Konya Trips : Konya, historically Iconium, city, central Turkey. The city lies at an elevation of about 3,370 feet (1,027 metres) on the southwest edge of the central Anatolian Plateau and is surrounded by a narrow fertile plain. It is backed by Bozkır Mountain on the west and enclosed by the interior edges of the central ranges of the Taurus Mountains farther south. Pop. (2000) 742,690; (2013 est.) 1,107,886. (2019) 2,206,000
A more traditional town than many, Konya is famous as being the burial place of Rumi, the esteemed Islamic poet and philosopher and founder of the Mevlevi Order, otherwise known as the Order of the Whirling Dervishes. Since ancient times local people have been respecting the traditions of their predecessors, so this place can be distinguished by unique mild atmosphere that covers guests of Konya with warmth and coziness. The city has been always considered the center of religion and culture. Even today, Konya is the most religiously conservative city in Turkey.
Archaeology shows that the Konya area is one of the most ancient settlements of Anatolia.

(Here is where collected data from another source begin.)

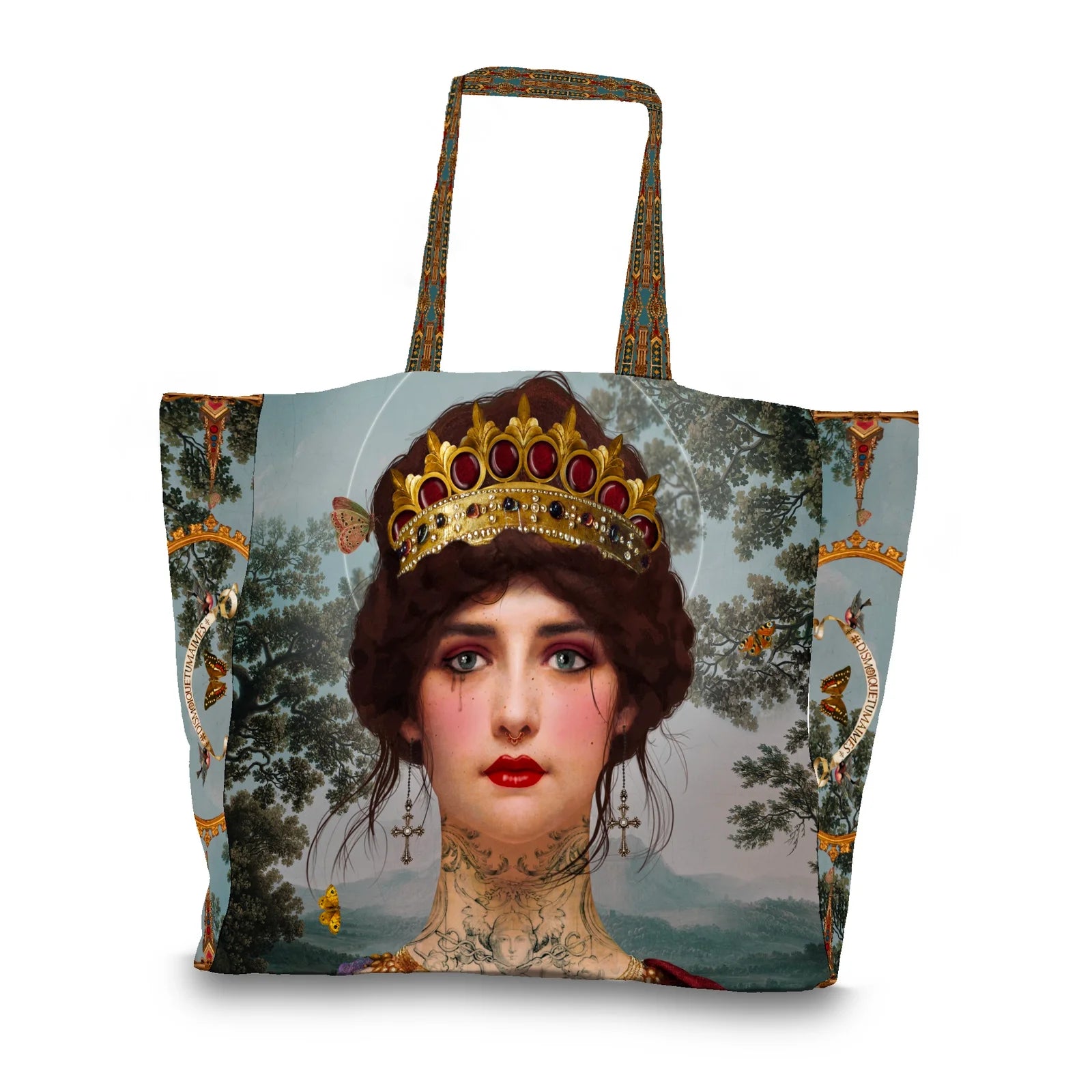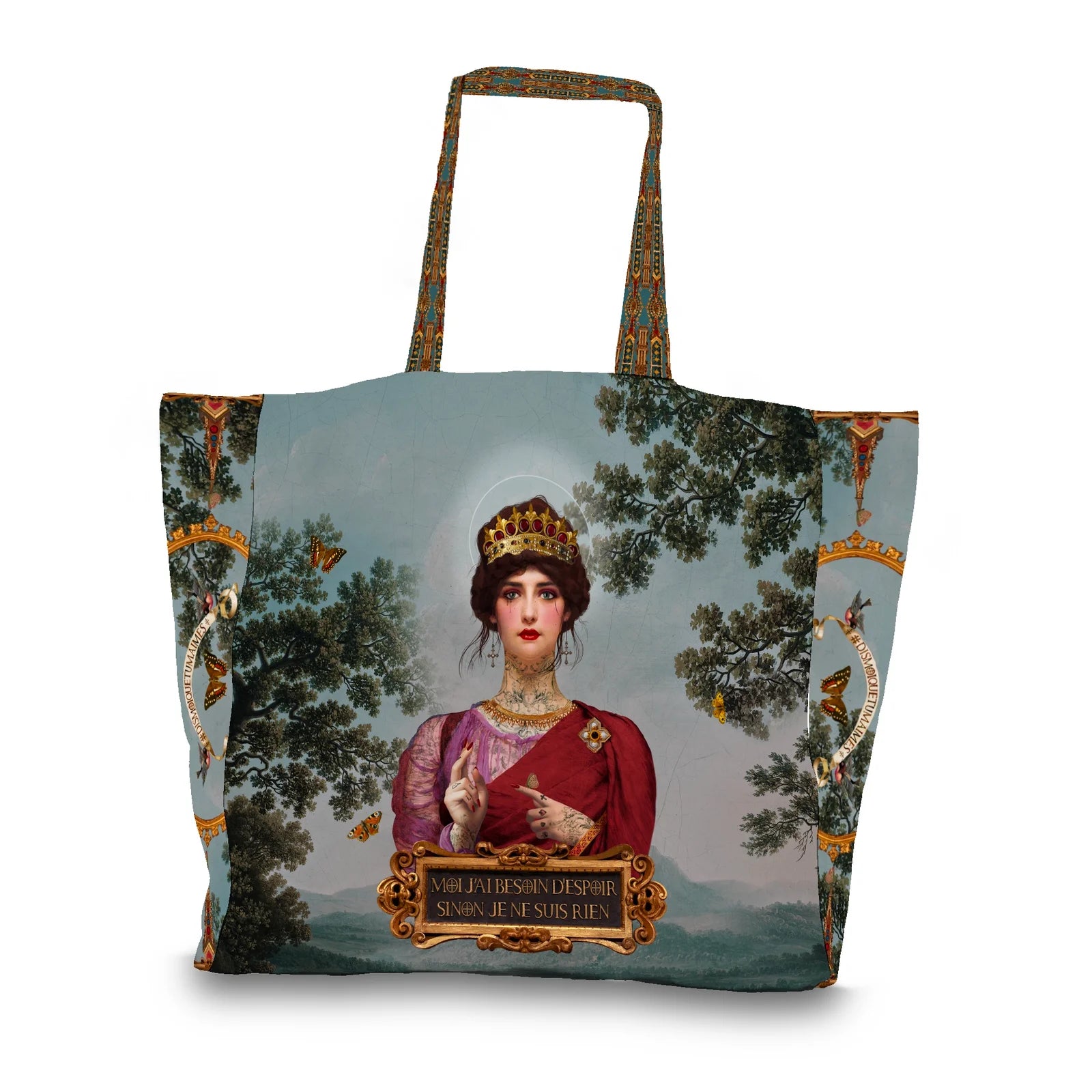 Voglio Bene's large and gorgeous, high-quality tote bag with Hope print. Different prints on the front and back. Finished with an inner lining.
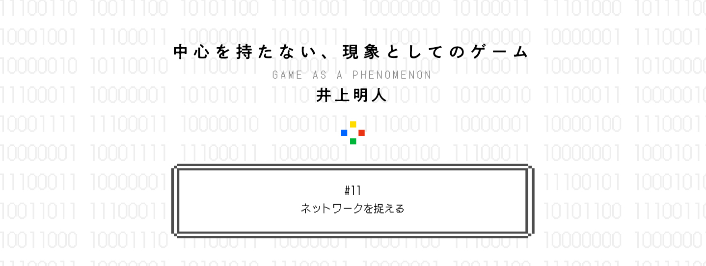 中心をもたない、現象としてのゲームについて――ネットワークを捉える|井上明人ゲーム研究者の井上明人さんによる連載「中心をもたない、現象としてのゲームについて」。「ゲームや遊びとは何か?」。この問いに答えるべく、ゲームや遊びに関わる多様な現象——ルール、コミュニケーション、非日常など——が興味深いかたちで相互に関係しあっている、その複雑さを論じます。今回は「多層性」を前提とするゲームの概念をネットワーク構造として分析します。 記事を読む
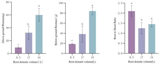 Effect of root-domain limitation on Paeonia ostii biomass. Different lowercase letters indicate significant differences in plant biomass in different root domain volume at 0.05 level.
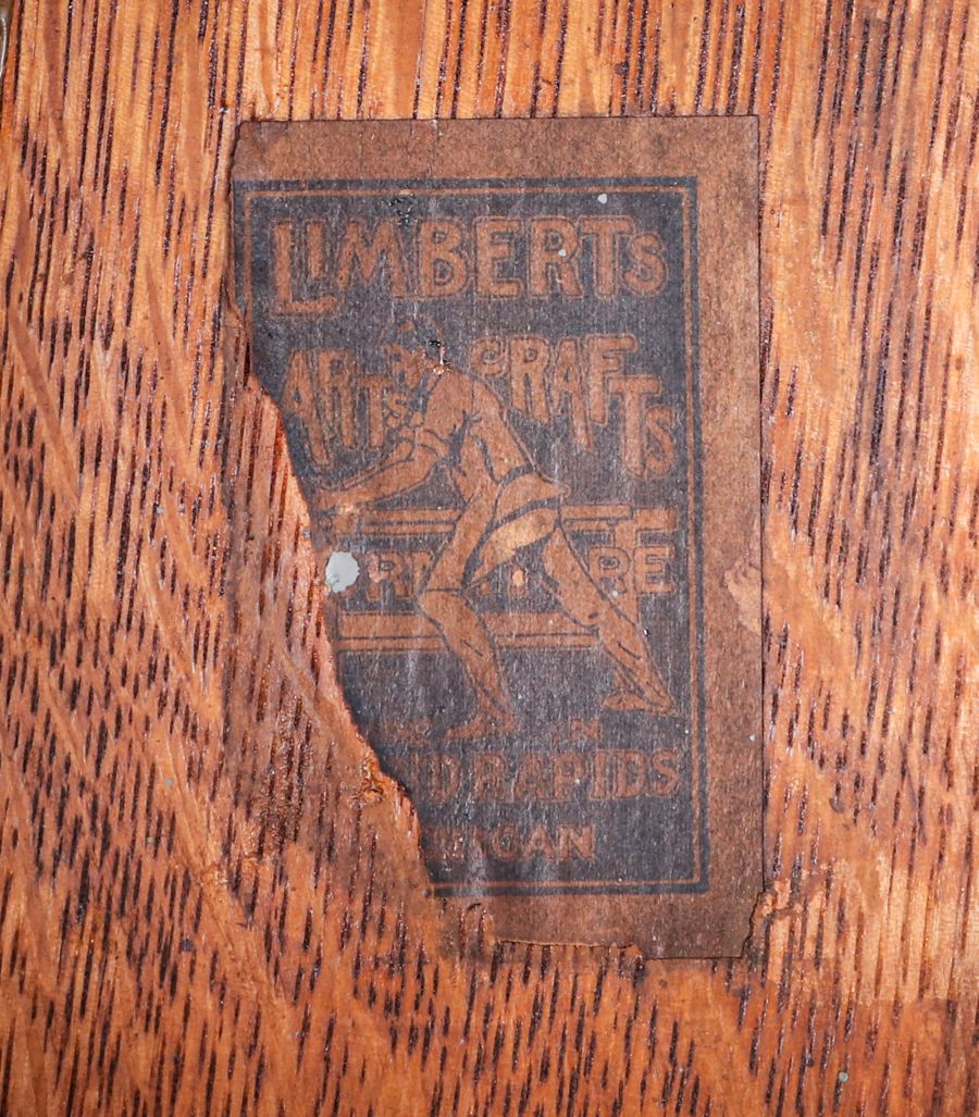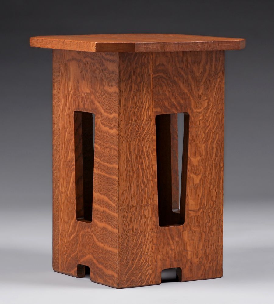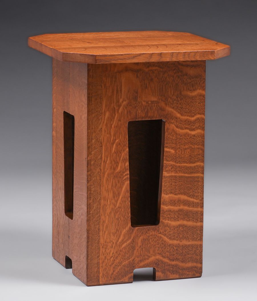 Early Limbert Cutout Taboret c1902-1904. Signed with early paper label before they expanded to Holland, Michigan. Excellent original finish. 20h x 15 x 15 inches SOLD
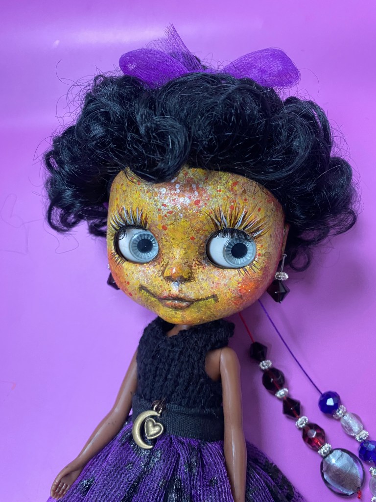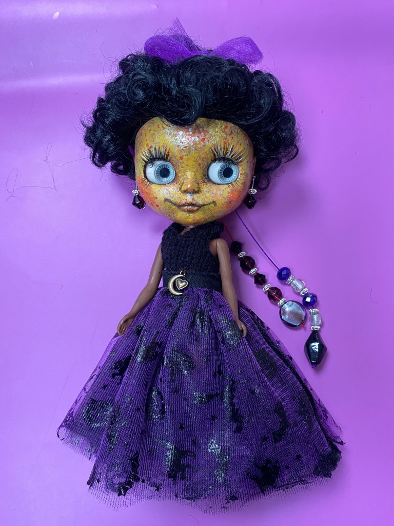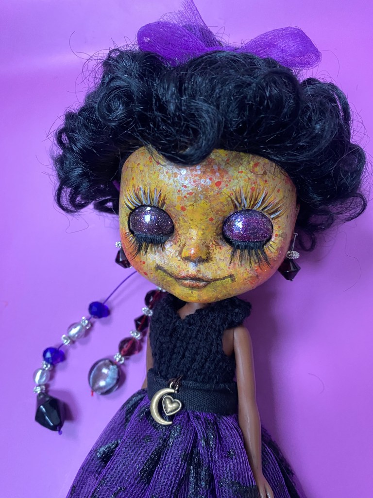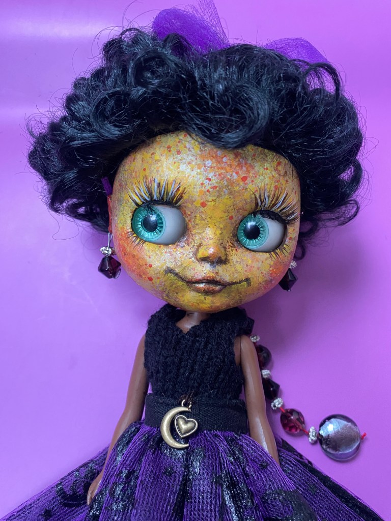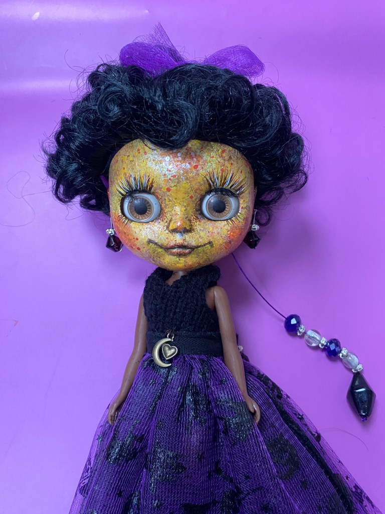 Meet “Raven” she’s my totally unique Ooak Blythe mystic artist doll, hand customised by me “The Dolly Fairy”. Her base is a dark skin factory Blythe straight leg doll.I’ve given Raven a one of a kind (ooak) custom face up with hand carving and unique skintone created with many micro fine layers of high pigment colour, each layer sealed with MSC UV flat and gloss to finish. I kept her factory eyes, they are so magical and the perfect colours for her character. I converted the mech into sleepy eyes 2 strings with genuine vintage gothic beads and handmade matching earrings. Painted the eyelids, changed her lashes into more fluffy ones and fitted her raven black curly wig (not removeable). My mystical Raven comes with her magical outfit just as shown in her photos. There’s only one of my Raven in the world, I never repeat my pieces don’t miss her! x
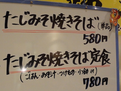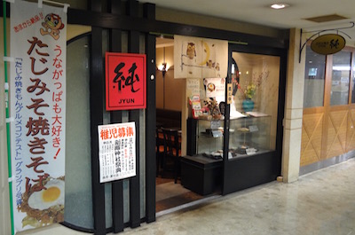 多治見駅前のショッピングセンターのテラの地下へ向かう。食料品売り場の奥に飲食店があり、その純という店で、たじみそ焼きそばを食べるのだ。テーブルにあったメニューにはお好み焼きと焼きそばの種類があるが「たじみそ焼きそば」という名前は見当たらない。店主に「たじみそ焼きそばを食べに来たのですが、、、」と尋ねると「あぁ、みそ焼きそばね」とあっさり言われ、壁を指差した。壁を見ると、ちゃ〜んと「たじみそ焼きそば」と書いてある。単品で注文した。特に変哲もない焼きそばなのだが、みそ味の焼きそばというのは確かに珍しいかもしれない。高校の先生が考案したそうだ。たじみそ焼きそばの定義としては(1)ピリ辛みそを使用した焼きそば、(2)半熟タマゴが乗っていることだけで、あとはお店によってアレンジされるようだ。(2016/9)
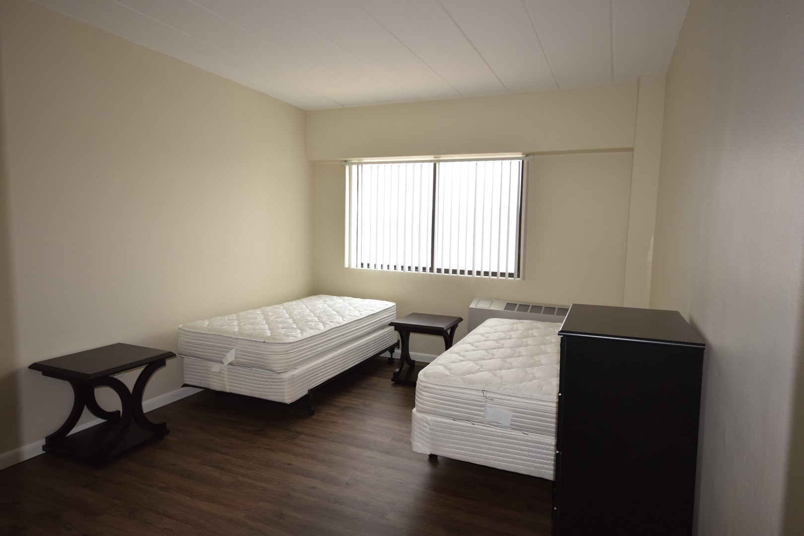 This 2-bedroom, 1-bath unit comes fully furnished and features standard kitchen appliances like a range, refrigerator, dishwasher, garbage disposal, and microwave. Furniture provided includes a small couch and armchair, kitchen table with chairs, a bed for each tenant on the lease, and desks and chairs throughout. The building also features A/C, laundry in the basement, and a trash chute on each floor.
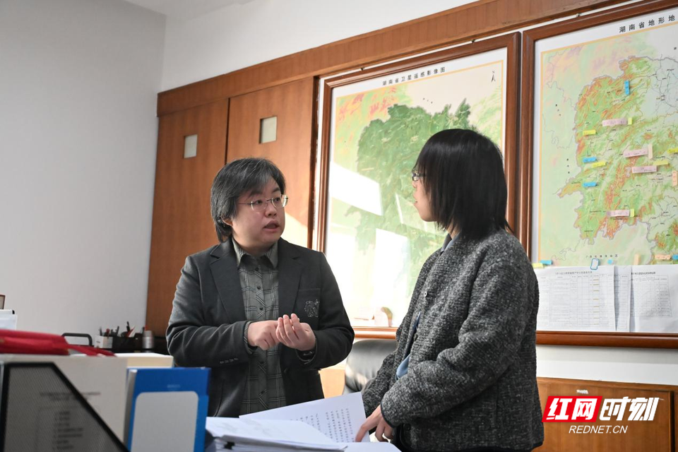 办公室里,刘小澜(左)和同事在沟通工作。 红网时刻新闻记者 何青 王诗颖 长沙报道 办公室墙上,一张湖南省地图格外引人注目。 这张图,是省审计厅自然资源和生态环境审计处处长刘小澜的“宝贝”,也是她的“作战图”。 粉色便利贴代表2023年的审计项目,蓝色则标注2025年的新布局——哪片应重点督查林地保护,哪段区域应紧扣水资源开发利用情况,哪个开发区要重点关注土地集约利用,她心里有一本清晰的账。 2025年12月,这位扎根资源环境审计战线二十二年的“老兵”,被评为“全省担当作为优秀干部”。从青丝到白发,她把最美好的年华,“钉”在了湖南的山水之间。
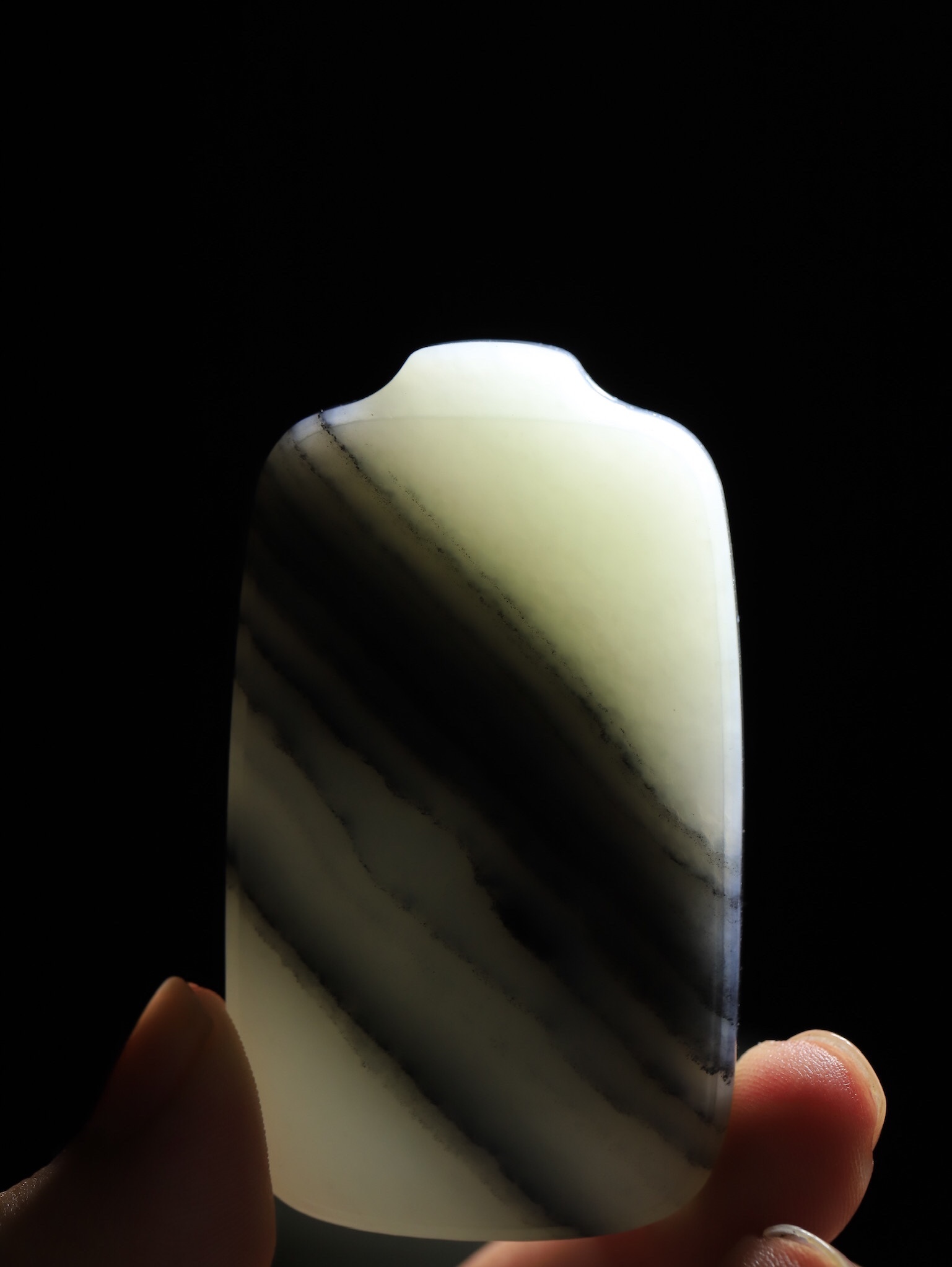 新疆和田玉籽料平安無事牌質地溫潤細膩,油潤如脂。飽滿光澤。大圭不琢,美其質也。以“素”身的形式,來表現其自然本質。
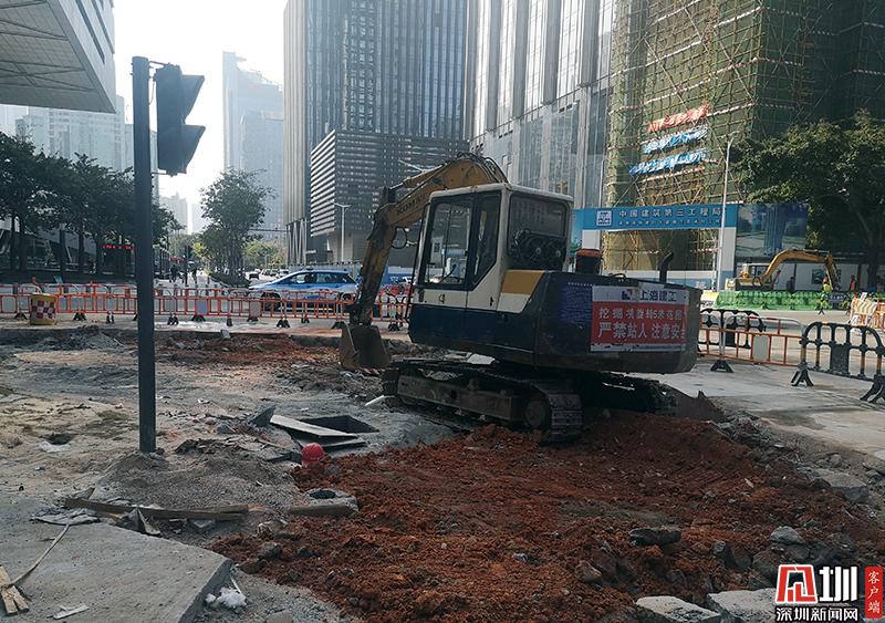 福田區(qū)福中三路和民田路的施工現(xiàn)場(chǎng),道路被挖,一輛挖掘機(jī)停在道路上。

The results of excavations in Catalhöyük, Karahöyük, Cukurkent and Kucukoy show the region was inhabited as far back as the Neolithic Period (Late Stone Age) of 7000 BC. Other settlers of the city before Islam were; the Calcolitic Period (Copper Age) civilizations, Bronze Age civilizations, the Hittites, the Frigians, the Lydians, the Persians, the Romans and then Byzantines.
Konya is also an important place for early Christians because St. Paul and St. Barnabas came to the city on one of their journeys in Asia Minor around 50 AD. St. Paul preached in Konya but they angered both Jews and Gentiles so they had to leave the city and went to Derbe and Lystra.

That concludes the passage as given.